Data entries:
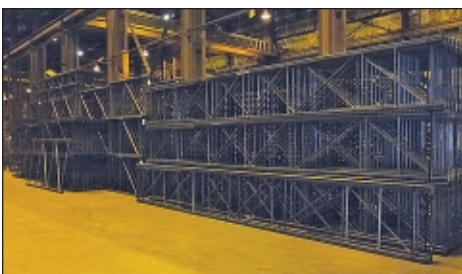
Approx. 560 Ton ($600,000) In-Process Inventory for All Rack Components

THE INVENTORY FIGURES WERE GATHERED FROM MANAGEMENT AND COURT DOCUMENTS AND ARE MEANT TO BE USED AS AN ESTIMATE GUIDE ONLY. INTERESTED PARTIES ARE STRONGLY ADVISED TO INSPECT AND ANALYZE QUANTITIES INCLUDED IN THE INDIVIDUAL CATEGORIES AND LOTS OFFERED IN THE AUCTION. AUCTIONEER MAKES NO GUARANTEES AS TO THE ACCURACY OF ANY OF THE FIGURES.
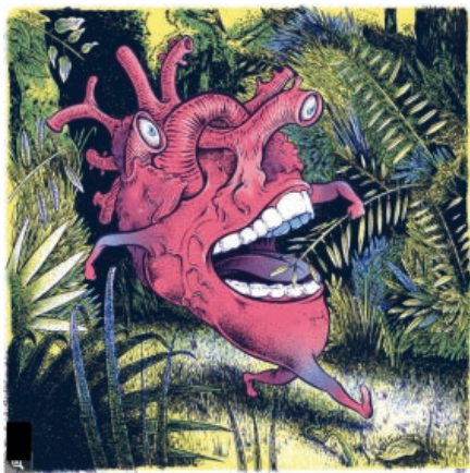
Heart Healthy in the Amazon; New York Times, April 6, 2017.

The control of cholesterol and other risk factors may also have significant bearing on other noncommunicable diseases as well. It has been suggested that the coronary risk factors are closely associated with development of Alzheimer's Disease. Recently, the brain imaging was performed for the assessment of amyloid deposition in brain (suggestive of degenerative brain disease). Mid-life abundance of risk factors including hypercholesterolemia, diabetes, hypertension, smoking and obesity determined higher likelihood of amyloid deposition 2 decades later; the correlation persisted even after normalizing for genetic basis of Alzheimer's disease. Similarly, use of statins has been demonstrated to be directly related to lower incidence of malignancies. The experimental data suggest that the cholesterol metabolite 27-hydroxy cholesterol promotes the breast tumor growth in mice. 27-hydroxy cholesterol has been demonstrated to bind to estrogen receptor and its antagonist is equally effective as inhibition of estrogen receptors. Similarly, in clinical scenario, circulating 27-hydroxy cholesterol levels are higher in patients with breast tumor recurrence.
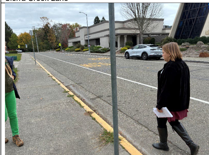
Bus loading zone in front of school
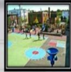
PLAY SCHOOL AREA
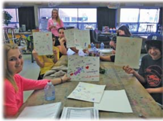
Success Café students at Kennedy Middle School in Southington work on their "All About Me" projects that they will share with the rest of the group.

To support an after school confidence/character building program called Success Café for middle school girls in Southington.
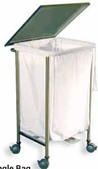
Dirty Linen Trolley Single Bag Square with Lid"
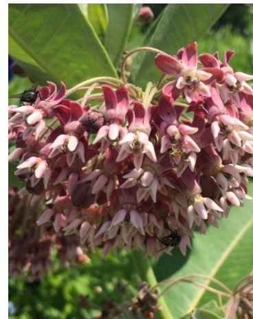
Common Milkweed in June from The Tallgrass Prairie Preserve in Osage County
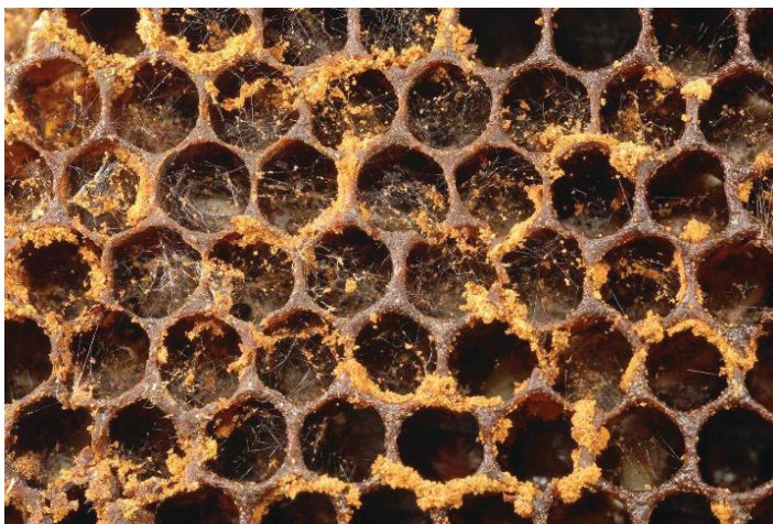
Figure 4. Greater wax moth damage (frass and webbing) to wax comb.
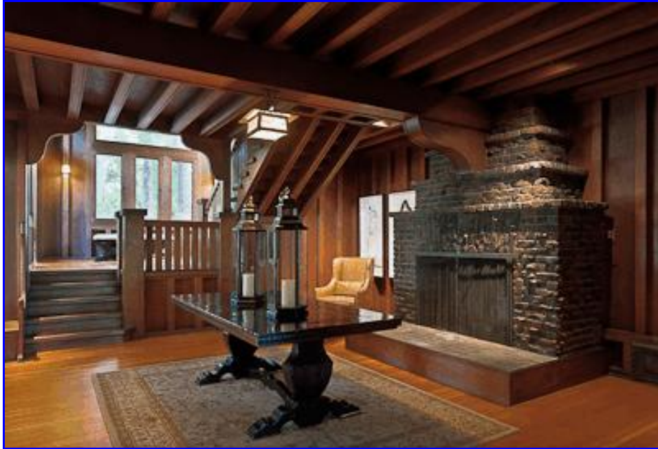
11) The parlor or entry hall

__TASK DESCRIPTION__: Give an exact copy of the entries, excluding all pictures.

__SOLUTION TO THIS TASK__:
Approx. 560 Ton ($600,000) In-Process Inventory for All Rack Components

THE INVENTORY FIGURES WERE GATHERED FROM MANAGEMENT AND COURT DOCUMENTS AND ARE MEANT TO BE USED AS AN ESTIMATE GUIDE ONLY. INTERESTED PARTIES ARE STRONGLY ADVISED TO INSPECT AND ANALYZE QUANTITIES INCLUDED IN THE INDIVIDUAL CATEGORIES AND LOTS OFFERED IN THE AUCTION. AUCTIONEER MAKES NO GUARANTEES AS TO THE ACCURACY OF ANY OF THE FIGURES.
Heart Healthy in the Amazon; New York Times, April 6, 2017.

The control of cholesterol and other risk factors may also have significant bearing on other noncommunicable diseases as well. It has been suggested that the coronary risk factors are closely associated with development of Alzheimer's Disease. Recently, the brain imaging was performed for the assessment of amyloid deposition in brain (suggestive of degenerative brain disease). Mid-life abundance of risk factors including hypercholesterolemia, diabetes, hypertension, smoking and obesity determined higher likelihood of amyloid deposition 2 decades later; the correlation persisted even after normalizing for genetic basis of Alzheimer's disease. Similarly, use of statins has been demonstrated to be directly related to lower incidence of malignancies. The experimental data suggest that the cholesterol metabolite 27-hydroxy cholesterol promotes the breast tumor growth in mice. 27-hydroxy cholesterol has been demonstrated to bind to estrogen receptor and its antagonist is equally effective as inhibition of estrogen receptors. Similarly, in clinical scenario, circulating 27-hydroxy cholesterol levels are higher in patients with breast tumor recurrence.
Bus loading zone in front of school
PLAY SCHOOL AREA
Success Café students at Kennedy Middle School in Southington work on their "All About Me" projects that they will share with the rest of the group.

To support an after school confidence/character building program called Success Café for middle school girls in Southington.
Dirty Linen Trolley Single Bag Square with Lid"
Common Milkweed in June from The Tallgrass Prairie Preserve in Osage County
Figure 4. Greater wax moth damage (frass and webbing) to wax comb.
11) The parlor or entry hall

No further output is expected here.